Return
to Current Issue
Traveling
three hours across Kansas, Hispanos Unidos, a group within Sunflower
Community Action (SCA), crowded into a state hearing demanding that
lawmakers reverse a punitive driver's license law that discriminates
against legal Hispanic citizens and undocumented immigrants.
Upon arrival, SCA sent state workers scrambling to accommodate 150 people
from Garden City, Ark City, Kansas City and Wichita . The state hearing
centered on the validity of the driver's license law passed last year,
which states that if a person presents foreign identification when obtaining
a driver's license, they must also prove their immigration status.
Based on the color of their skin or ethnic background Hispanic citizens
and legal residents are often harassed at the local driver's license
offices, causing embarrassment.
The law also states that a person must present a social security number
to obtain a license, effectively cutting off the access of thousands
of undocumented immigrants who have lived and worked in a community
for years to obtain a driver's license. These community residents must
then car insurance, becoming a danger to themselves and others on the
road.
Sunflower's leaders are demanding for the state legislature to pass
a recently introduced amendment to the driver's license law that would
allow all Kansas citizens to use a tax identification number to obtain
a driver's license. This law would ensure that all people could obtain
a license and car insurance.
The joint House-Senate judiciary committee relocated their hearing from
a small informal meeting room to the state Supreme Court room. All of
the cast was present at the state hearing including: legislators, advocates,
researchers, social service agency representatives, attorneys, city
government officials, law enforcement, religious leaders, and Sunflower
Community Action.
Three SCA leaders stepped to the podium to address legislators who were
everywhere on the map with their opinions on whether the law is discriminatory.

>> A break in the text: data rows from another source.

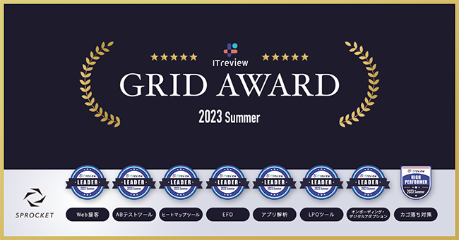 「テクノロジーで、人と企業が高め合う関係を作る」をミッションに、CRO(コンバージョン率最適化)のためのプラットフォームを提供する株式会社Sprocket(本社:東京都品川区、代表取締役:深田 浩嗣)は、アイティクラウド株式会社が運営するIT製品レビュープラットフォーム「ITreview(アイティレビュー)」の「ITreview Grid Award 2023 Summer」において、「Web接客」「ABテストツール」「ヒートマップツール」「EFO(エントリーフォーム最適化)」「アプリ解析」「オンボーディング・デジタルアダプション」「LPOツール」の総合7部門にて最高位の「Leader」を受賞、「カゴ落ち対策」では「High Performer」を受賞いたしました。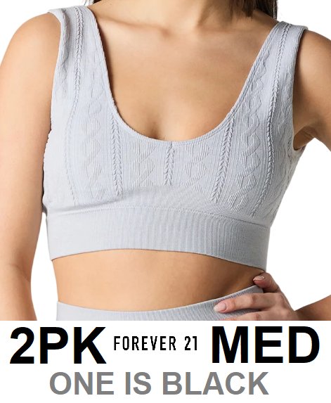 2pk women's Active Seamless Textured Sports Bra - medium - grey/black (style: f21-86-115)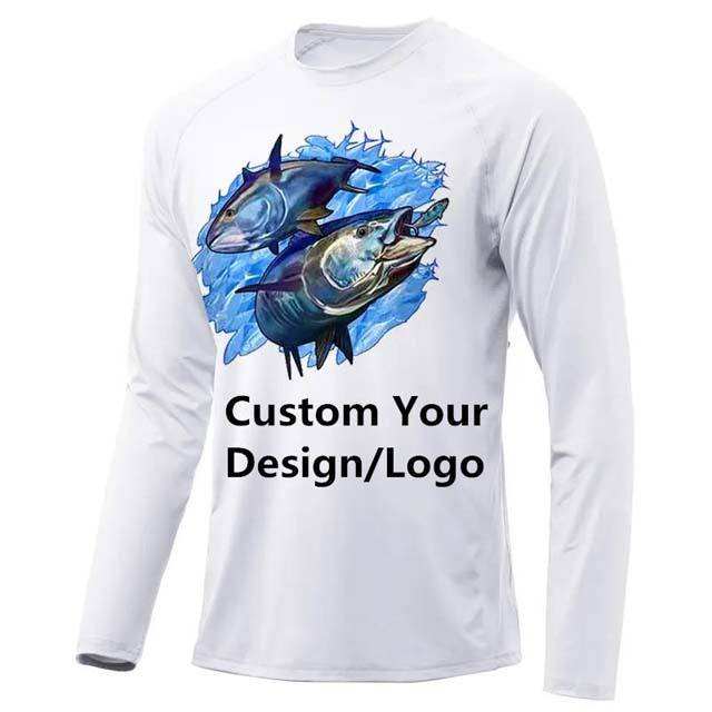 เสื้อเจอร์ซีย์แขนยาว 90% โพลีเอสเตอร์+10% สแปนเด็กซ์ UPF 50 กันน้ำ แห้งเร็ว ทรงคอกลม ระบายอากาศได้ดี เหมาะสำหรับออกกำลังกาย พิมพ์ลายได้ตามต้องการ สำหรับตกปลา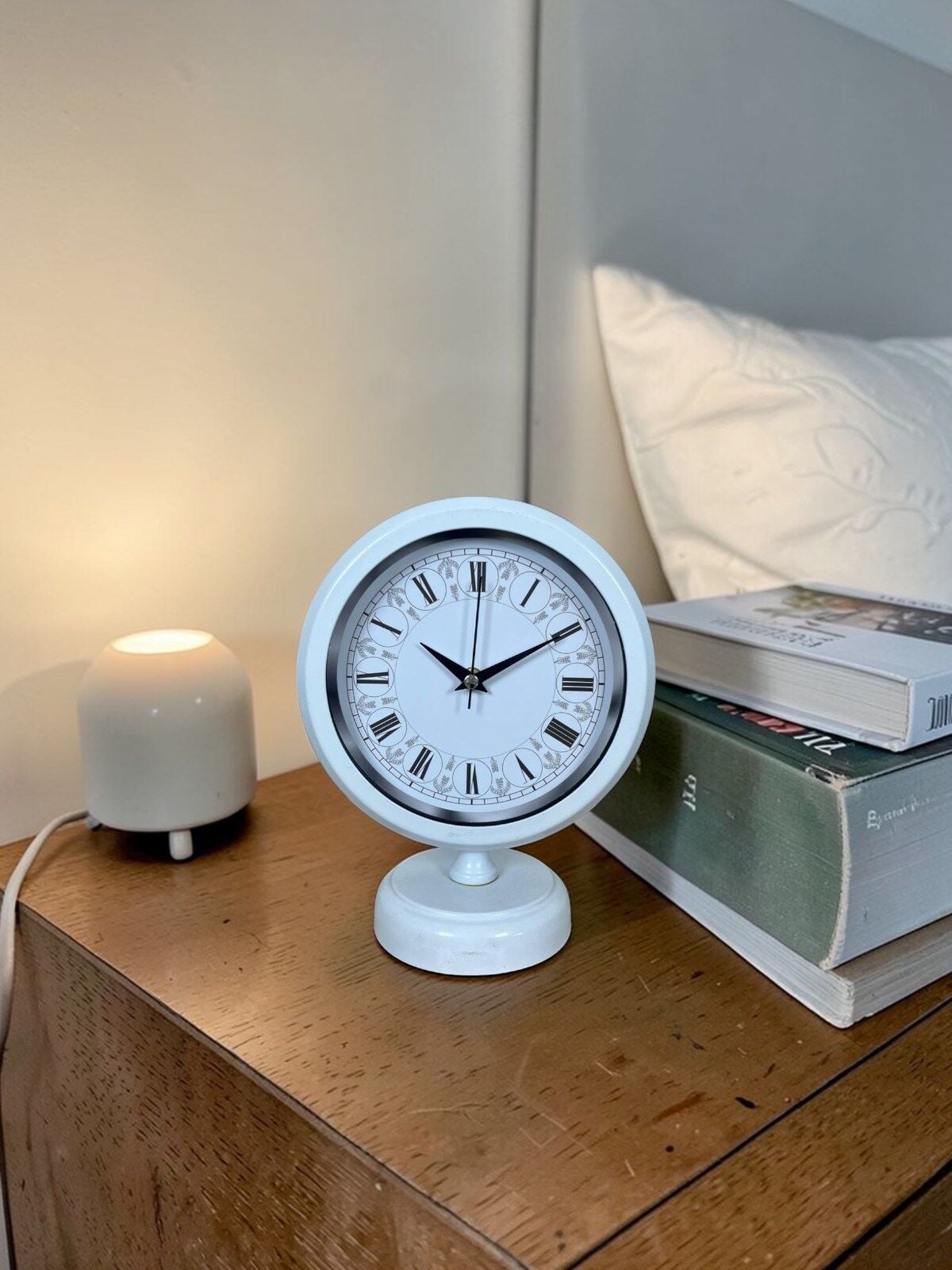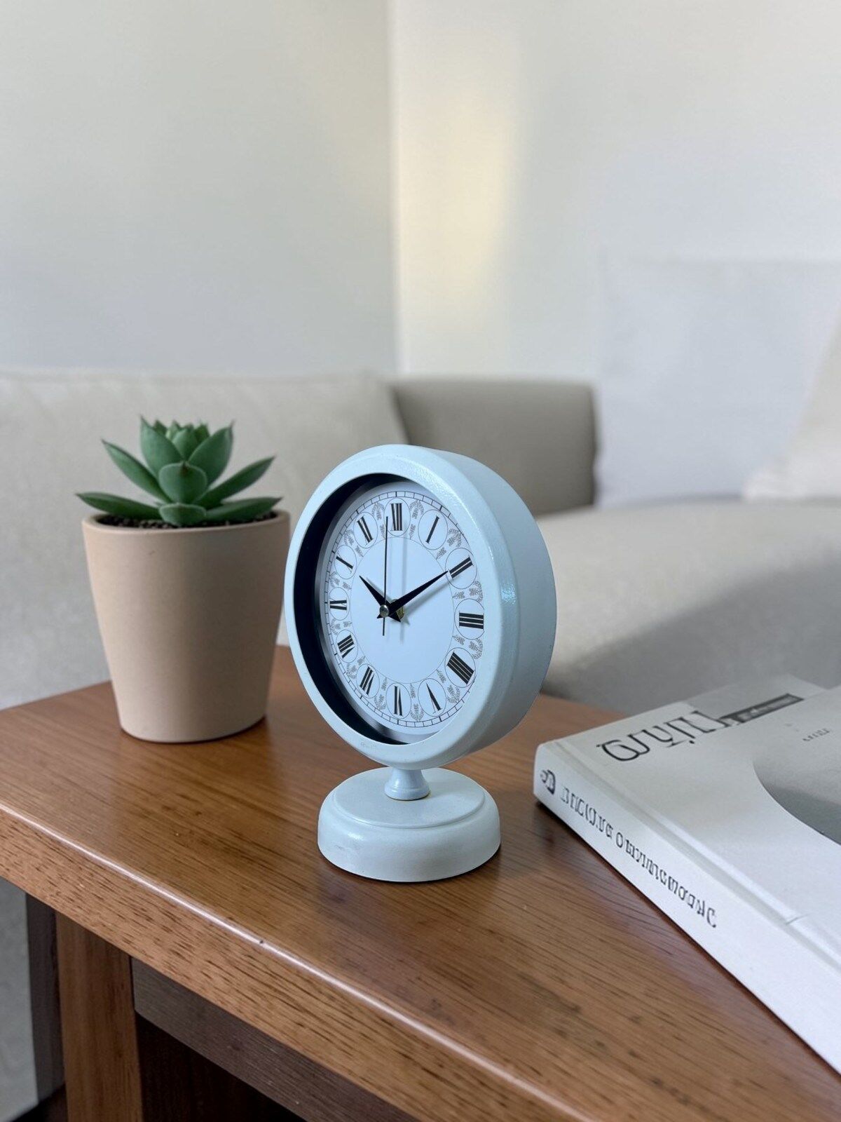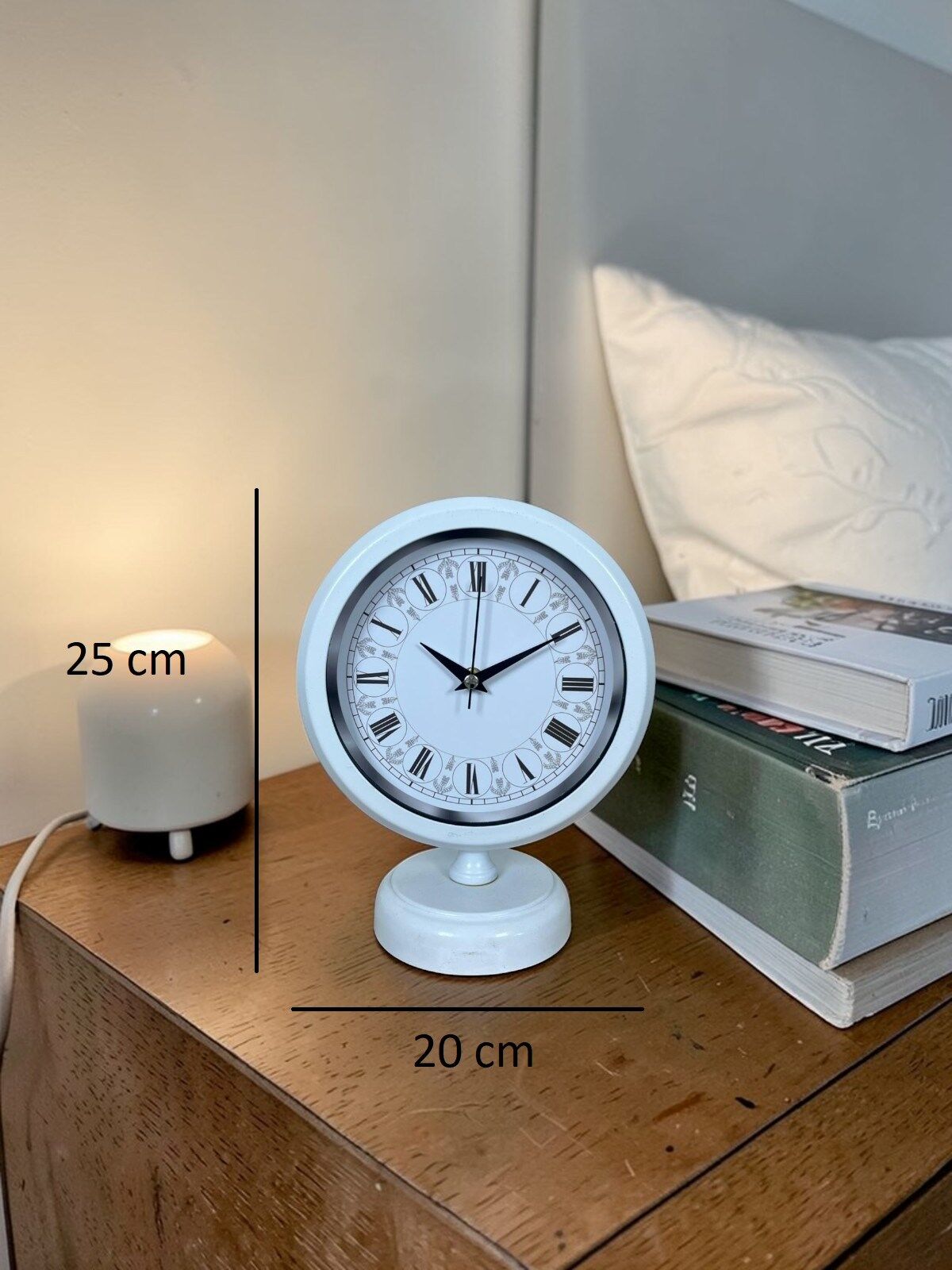 Zarif detayları ve sade tasarımıyla öne çıkan bu beyaz masa saati, Roma rakamlı klasik görünümü modern dokunuşlarla birleştirir. İnce desenli kadranı ve krom çerçeve detayı sayesinde bulunduğu ortama şıklık ve estetik bir hava katar. Minimal ve ferah tasarımı ile hem dekoratif hem de işlevsel bir kullanım sunar. Ofis, salon, yatak odası ve çalışma alanlarında zarif bir tamamlayıcıdır. Sessiz akan saniye mekanizması sayesinde tik tak sesi oluşturmaz, huzurlu bir kullanım sağlar. Gerçek cam yüzeyi ile hem dayanıklılık hem de net ve kaliteli bir görünüm sunar.

Emira Palacios explained the difficulties of working through the legalization
process. While she paid taxes for 10 of the 13 years she lived illegally
in this country she also had to pay $10,000 in expenses to obtain her
legal status. Her testimony clearly contradicted the earlier testimony
made by a State of Kansas researcher that stated a green card only costs
$6.
"Why is it we cannot drive legally on the roads we build?" she questioned
legislators at the end of her testimony.
SCA leader, Dennis Romero, passionately drew parallels between Kansas'
history of struggling to remain a free state under the pressure of neighboring
states to become a slave state over a hundred years ago. He pointed
out in the very building that they were debating the discriminatory
driver's license law; the walls boasted a magnificent mural of John
Brown, which reverberated the echoes of freedom's call from a century
before.
"Why do I bring up the Driver's License law as an issue and compare
it to slavery? Because this is a human rights issue and this law is
racist," Romero stated.
The final testimony by Jonathan Becerril was the final triumph for Sunflower
Community Action. Becerril, 19, has lived in the United States since
the age of two.
When Becerril went to a local Driver's License Bureau to obtain his
Driver's License with his immigration papers, the bureau official told
him he would need to get a letter from an attorney stating that the
papers were authentic before they would issue him a license. He obtained
the letter after paying $475 - all for a $12 license.
The chairman of the joint committee proclaimed in an interview following
the hearing that he will support changing the law to let undocumented
workers get driver's licenses. The next important juncture for the law
to be amended will be in the next legislative session that begins in
January 2002. Hispanos Unidos and SCA anticipate a victory in 2002.